004 Calcination Study of Synthesized Nano Hydroxyapatite Using Cationic and Non Ionic Surfactants: Tahira Siddique1; Shahid Amin2; Mohammad Mujahid3; Syed Shah4; 1QAU; 2Pinstech; 3NUST; 4Hazara University
The present study enlightens the phase behavior, particle size and morphology of synthesized hydroxyapatite;HA ceramic powders by varying calcination temperatures. Calcination temperature range from 550ºC to 1000ºC has been considered for phase analysis. HA ceramic powders are synthesized using cationic surfactant; Cetyltrimethyl Ammonium Bromide; CTAB and two non ionic surfactants such as Sorbitane trioleate; Span 85 and Polyoxyethylene sorbitanmonolaurate; Tween20. 0.2 M concentration of each surfactant has been used separately to ensure the formation of required micellar templates. HA powders are prepared through chemical precipitation route along with 1.67 ratio of Ca and P precursors. The charge and molecular structures of surfactants are also scrutinized for the change in the phase, morphology and particle size. XRD shows high purity HA ceramic powders with minute impurity of DCPA and β-TCP while FTIR confirms the structural composition of HA at particular temperatures. Disparity in the crystallite size by means of temperature is found in the range of 14 nm to 30 nm for Span 85 and 17 nm to 24 nm for Tween 20 whereas for CTAB it is 35 nm to 65 nm. The morphology of the particles is characterized by SEM.

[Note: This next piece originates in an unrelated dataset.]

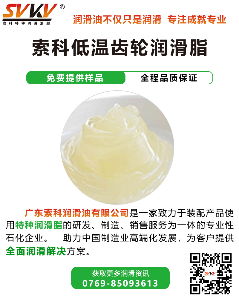 索科SVKV低溫齒輪潤滑脂在低溫零下幾十度的環(huán)境下仍能有效降低軸承、齒輪及設(shè)備的啟動及運行時的扭矩力,是專為嚴(yán)寒地區(qū)設(shè)備軸承等零部件的潤滑而研制的。

005 Calcium Phosphates for Drug Carrier: Adsorption and Release Kinetics of Drugs and Growth Factors: Solaiman Tarafder1; Amit Bandyopadhyay1; Susmita Bose1; 1Washington State University
Lovastatin (LOV) is a cholesterol lowering drug. 3-hydroxy-3-methyl-glutaryl-coenzyme A (HMG-CoA) reductase inhibition by lovastatin stops inhibition of osteoblast activity, and promoting osteoclast activity. Glutamic acid (GA), an amino acid, in addition to being a neuro-transmitter can also regulate bone cell activities by glutamate signaling. Objective of this research is to understand the chemistry of adsorption and release kinetics of LOV and GA in β-tricalcium phosphate (β-TCP) based ceramics. The sigmoidal adsorption isotherm of LOV shows a cooperative effect, indicating interaction between neighboring adsorbed molecules. DSC thermogram shows an endothermic peak at 184 °C due to adsorbed lovastatin on TCP. No release detection of lovastatin or low release of GA could be due to complex formation of with Ca2+. GA is a metal chelating agent which makes it capable for strong chemical interactions with metallic ions. Interaction and release behavior of growth factors with calcium phosphates have also been investigated.
006 Corrosion Susceptibility of Magnesium Based Biodegradable Alloys in Simulated Physiological Solutions: Puneet Gill1; Norman Munroe1; Amit Datye2; 1Florida International University; 2University of Tennessee Knoxville
Metallic materials continue to play an essential role as biomaterials to assist with the repair/replacement of various diseased or damaged parts of the anatomy. Currently approved and commonly used metallic biomaterials have been found to have adverse effects leading in some cases to mechanical failure and rejection of the implant. Moreover, the physical or chemical nature of the degradation products of some implants may initiate adverse foreign body reaction in the tissue. Some metallic implants remain as permanent fixtures, whereas others such as plates, screws and pins used to secure serious fractures are removed by a second surgical procedure after the tissue has healed sufficiently. However, repeat surgical procedures increase the cost of health care and the possibility of patient morbidity. In this investigation, magnesium based biomaterials are studied for its degradation rate, mechanical and biocompatibility properties.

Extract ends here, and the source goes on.